Pennsylvania Ave. Endangered Due To Neglect, Advocacy Group Says

Pennsylvania Ave. is endangered due to neglect and deferred maintenance from the National Parks Service, a non-profit advocacy group says.

The street that is home to the White House, Pennsylvania Ave., has fallen into disrepair, Cultural Landscape Foundation said. As reported, the organization claims that that along the street, water fountains rarely work, benches are broken, and some trees have been removed.

“There really is this kind of very slow downward spiral that is happening,” said Charles Birnbaum, the group’s founding president.

Pennsylvania Ave. has been the focus of past revitalization efforts.
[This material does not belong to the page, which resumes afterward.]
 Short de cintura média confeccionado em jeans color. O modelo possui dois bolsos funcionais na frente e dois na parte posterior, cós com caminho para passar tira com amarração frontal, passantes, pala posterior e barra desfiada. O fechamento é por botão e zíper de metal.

In the 1960s, President Kennedy called for an effort to improve the street, and, in past decades, top architects have designed small parks, though The Associated Press noted that they have fallen into disrepair.
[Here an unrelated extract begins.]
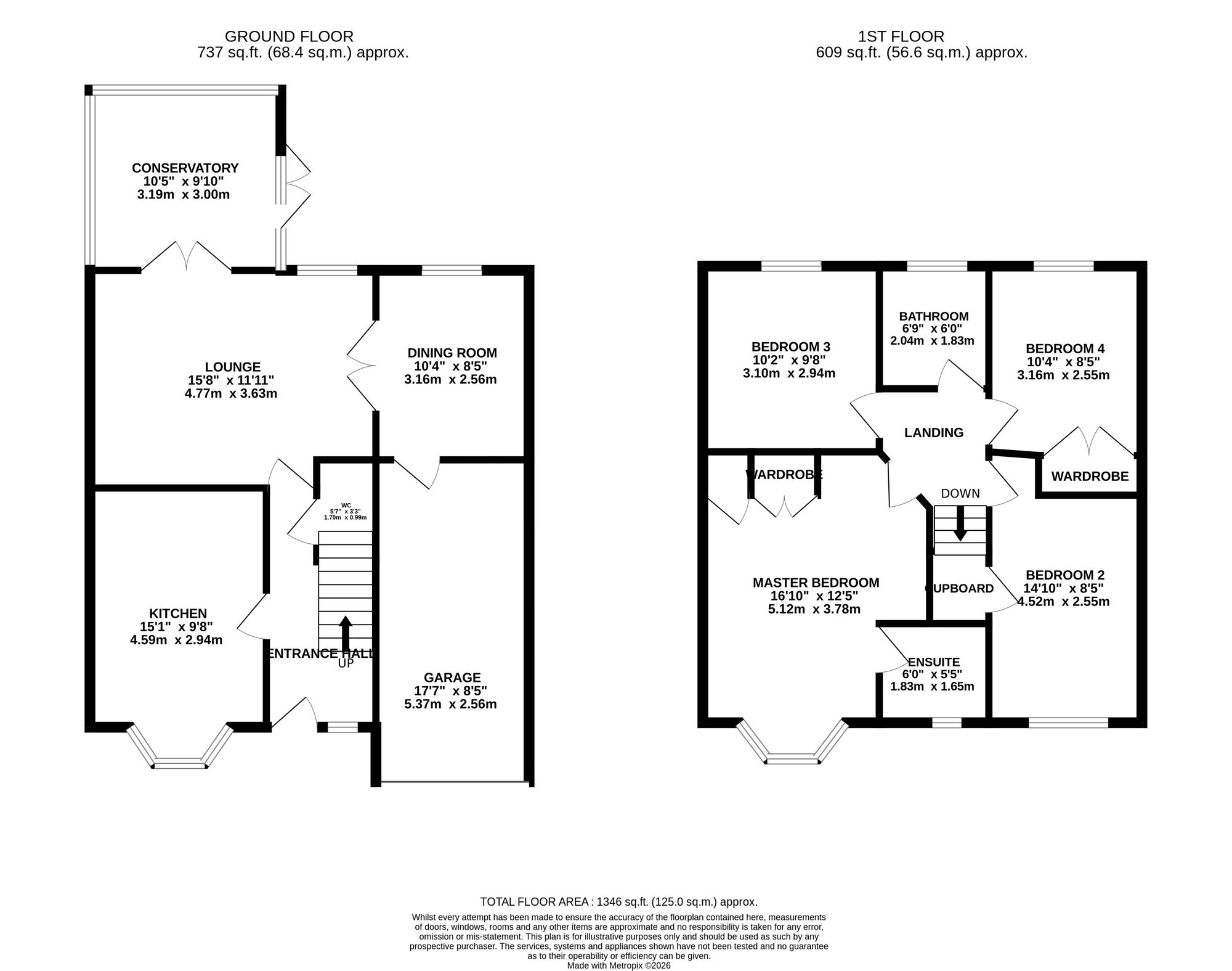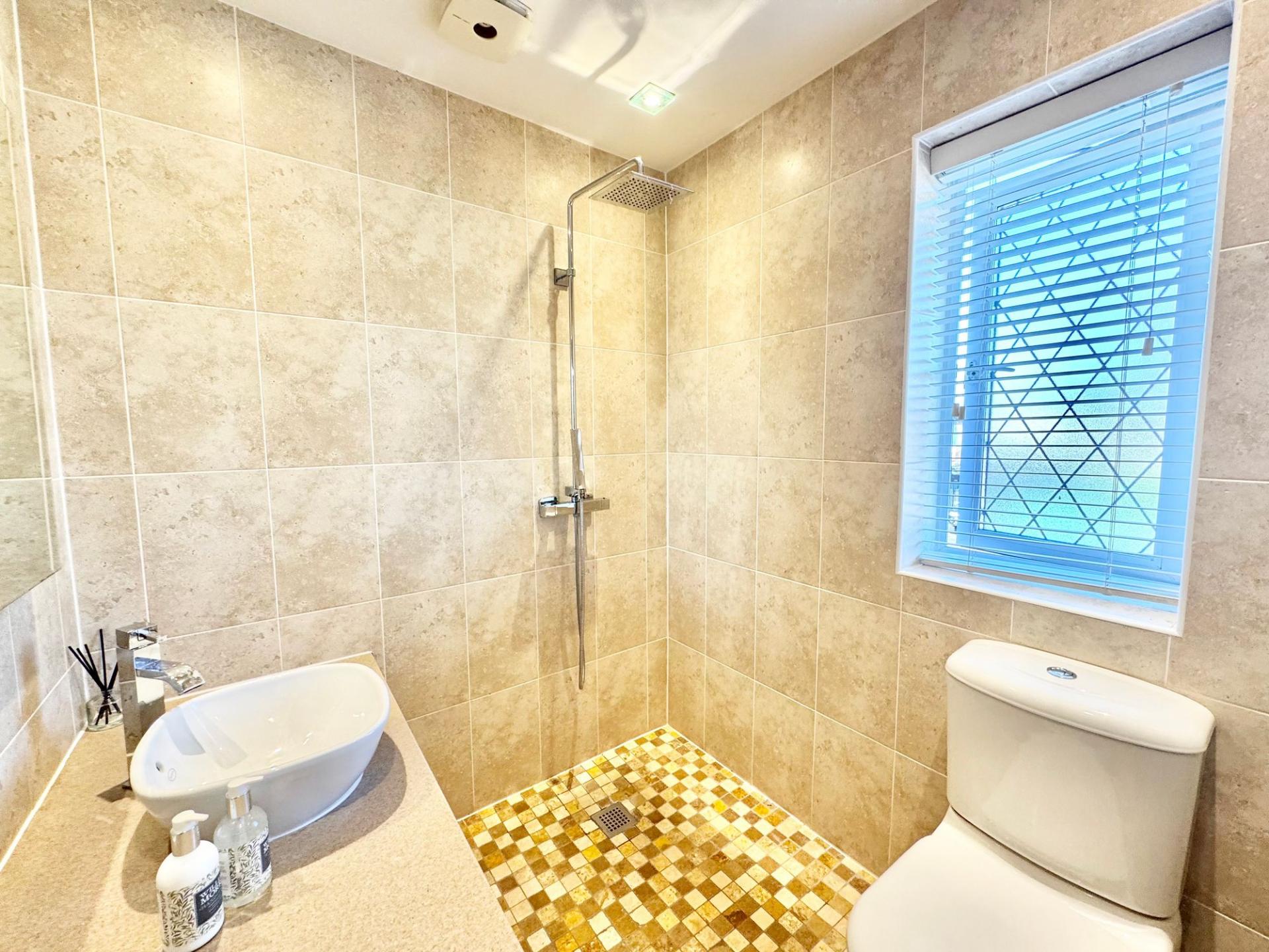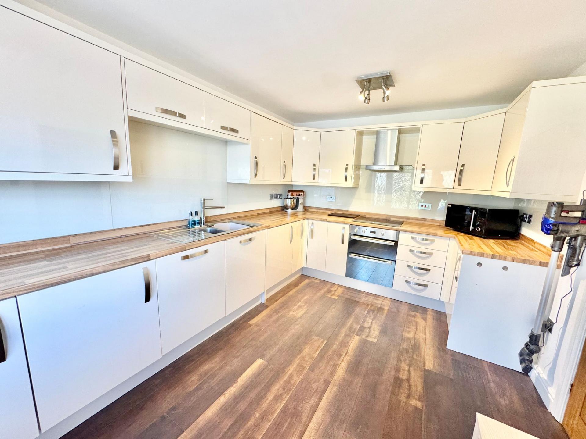 - Four generous bedrooms including a main bedroom with fitted storage and a stunning ensuite wet room with rainfall shower

The only repairs in recent years have been a pedestrian plaza built in 2004 in front of the White House, an improvement meant to boost security.


The group that declared Pennsylvania Ave. endangered, Cultural Landscape Foundation, aims to educate people about historic landscapes. Its annual Landslide listing has been credited with saving many threatened landscapes.

“Back in the old days, great buildings, great landscapes, great art collections were the result of great patronage,” Birnbaum said.

The Landslide listing for 2012 finds more than just Pennsylvania Ave. endangered. It also includes sites like Jones Beach in Wantagh, New York and Fern Dell in Los Angeles. The list includes capsules about each endangered site, complete with information about how each has fallen into disrepair and names of non-profit groups locally looking to make improvements.